- Location of Gümüşköy Geothermal Power Plant in Turkey
- Official name: Gümüşköy Jeotermal Elektrik Santralı
- Country: Turkey
- Location: Gümüşköy, Germencik, Aydın Province
- Coordinates: 37°51′20″N 27°27′48″E﻿ / ﻿37.85556°N 27.46333°E
- Status: Operational
- Construction cost: US$49.6 million

Geothermal power station
- Min. source temp.: 182 °C (360 °F)

Power generation
- Nameplate capacity: 13.20 MW

= Gümüşköy Geothermal Power Plant =

Geothermal power plant in Turkey

The Gümüşköy Geothermal Power Plant (Gümüşköy Jeotermal Elektrik Santralı) is an air-cooled Organic Ranking Cycle (ORC) system geothermal power plant located at Gümüşköy village of Germencik district in Aydın Province, Turkey. The power plant feeds from the 182 °C Gümüşköy Geothermal Reservoir, which was discovered with the GK-1 geothermal well in October 2008.

The power plant has a gross installed power capacity of 13.20 MW divided in two units and uses two Ormat, Israel manufactured units for energy generation. Annual production is 108.24 GWh gross.
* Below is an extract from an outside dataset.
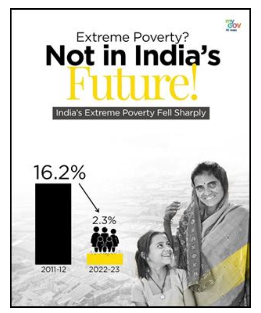 भारत की निर्णायक लड़ाई को स्वीकार किया है। रिपोर्ट के अनुसार, अत्यधिक गरीबी के लिए अंतरराष्ट्रीय बेंचमार्क प्रतिदिन 2.15 अमेरिकी डॉलर से कम पर जीवन यापन करने वाले लोगों का अनुपात, 2011-12 में 16.2 प्रतिशत से तेजी से गिरकर 2022-23 में केवल 2.3 प्रतिशत रह गया।

The systems also feeds a purification and production plant having a 12-ton daily production capacity.

== Gümüşköy Geothermal Reservoir ==
The Gümüşköy Geothermal Reservoir was discovered by BM Geothermal Group in 2008, as the first private sector high enthalpy geothermal discovery in Turkey. The reservoir is a lithologically capped hydrothermal system with three layers of reservoirs underlying one another.

The first reservoir is located between 100- and 400-meter depths, with an average temperature of 100 °C. The second (interim) reservoir is located between 800- and 1400-meter depths, with an average temperature of 150 °C. The final reservoir is located around 2,000-meter depths with an average temperature of 180 °C.

The Gümüşköy Geothermal Power Plant produces from and re-injects into the interim and the bottom reservoirs.

== Geothermal fluid production ==
Full capacity operation requires 740 tons per hour of geothermal brine from the reservoir. The geothermal fluid is supplied from a total of 4 production wells, GK-1, GK-3, GK-7 and GK-9. Re-injection of the fluid into the reservoir is realized through two re-injection wells, R-GK-4 and R-GK-6. A third, temporary re-injection well R-GK-1 is kept standby at the power plant site.

Two production wells yielding a total of 450 tons per hour geothermal fluid are already completed. The production well GK-1 blows steam since January 2011.